Who we are is who we are from. Who we are from is who we are with…that is, with whom we keep company. Who is your company? Who welcomes you home to who you are? That welcome may be internal as well as external. Whose are the voices that greet you when you wake? From whom come the ideas that shape your perceptions and your opinions? Do they nurture you? Do they support you? Do they prompt you to be truly you?

Sometimes who we are from is not easy company to keep, but authentic selfhood means being with and acknowledging the presence of others by whom you may not always feel welcomed. Maybe this is a parent who has never fully accepted you, or a former partner from whom you are now estranged, or a child who has rejected your attention and love. It’s difficult to embrace the fact that we are from pain and heartbreak as much as from joy. I hear a lot of talk about “boundary setting” in my work as a therapist. The implication seems to be that we can close ourselves in our own little shells with boundaries that protect us. But I wonder about such boundaries. Yes, appropriate boundaries are healthy, especially when we’re talking about physical and emotional safety. But sometimes “boundary setting” feels to me like a form of avoidance that rewards us with short-term emotional relief, rather than engaging in the hard work of building sturdy structures that will enable and enhance relationships. Thanks, Robert Frost: “good fences make good neighbors“. Is my home in the style of hostile architecture, attempting to shape and restrict the behavior of others? Or can it be a place of gather and welcome? Where is the hearth, how big is the table, and how comfortable am I opening the door?

In his famous essay “Of Hospitality“, Jacques Derrida explores the relationship between “host” and “hostage”. Paradoxically, it is when we are our most sovereign and powerful selves, able to open our homes to others, that we expose ourselves to the most vulnerability. In playing host, we become hostage to others. It is the mystery and the potential danger of the guest that makes hospitality hospitable. Otherwise, hospitality would be a lie! We would not be welcoming guests, but scrutinizing potential members of an elite club. How homey is that?
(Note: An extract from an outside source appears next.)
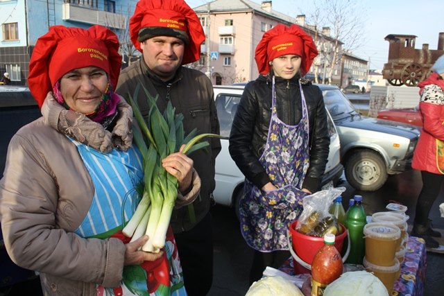 Подворья, которые представляли сельсоветы, тоже носили «мясную» тематику. Были здесь представлены Александровская бутербродная и Большекосульская кухня «Веселая пельмешка» и оздоровительное подворье с экологически чистой продукцией и личным доктором из села Юрьевка, но лучше всех все-таки оказалось Боготольское подворье. Работники Сельского Дома культуры представили украинское подворье под названьем «Пузата хата». А какая же украинская хата без сала, вареников, блинов. И этого было всего вдоволь на боготольском подворье. 2 место в конкурсе подворий заняли работники Юрьевской централизованной клубной системы, а 3 место цыганская кибитка Чайковского сельсовета. В центре площади работали две чайные. Одну из которых представили работники Медяковской централизованной клубной системы, а вторую - Боготольский городской краеведческий музей, за что организаторы ярмарки выражают особую благодарность. Все, кто пришел на ярмарку, мог не только купить себе свежую продукцию, но и угостится чаем, блинами, горячей яичницей, которую тут же жарили работники Боготольской птицефабрики. Все желающие могли получить буклеты, из рук волонтеров молодежного центра «Факел», которые они изготовили самостоятельно. В них содержалась полезная информация о том, как нужно выбирать мясо в магазине или на рынке. Концертную программу организовали самодеятельные артисты со всех учреждений культуры, но самая большая нагрузка легла на плечи специалистов Районного Дома культуры. И за это мы говорим им спасибо! Очень захватывающе прошел конкурс «Счастливый билетик». Более 130 «счастливчиков» получили призы от организаторов ярмарки, среди которых главным был – живой поросенок. Его получил молодой человек из г.Боготола по имени Александр (к сожалению фамилию этого везунчика мы не знаем).

Boundaries do not separate us from others. Boundaries are the tangible, living architecture of our relationships with others. To go home does not mean to retreat into the self, but to find a place of repose and peace in the structures that support me. I did not always agree to each piece of that structure, but I can appreciate the totality of who I am as bound to the others who, for better or worse, shape my life. Who give me life. Who remind me that, like Derrida’s host, if I truly were in ultimate control, I would have no relationships at all.

So welcome yourself home to who you are. Don’t care about the dirty dishes or the mess. There is space here for you to rest. And there is true strength in your acknowledgment, in its simplicity and realness, of: “this is me.”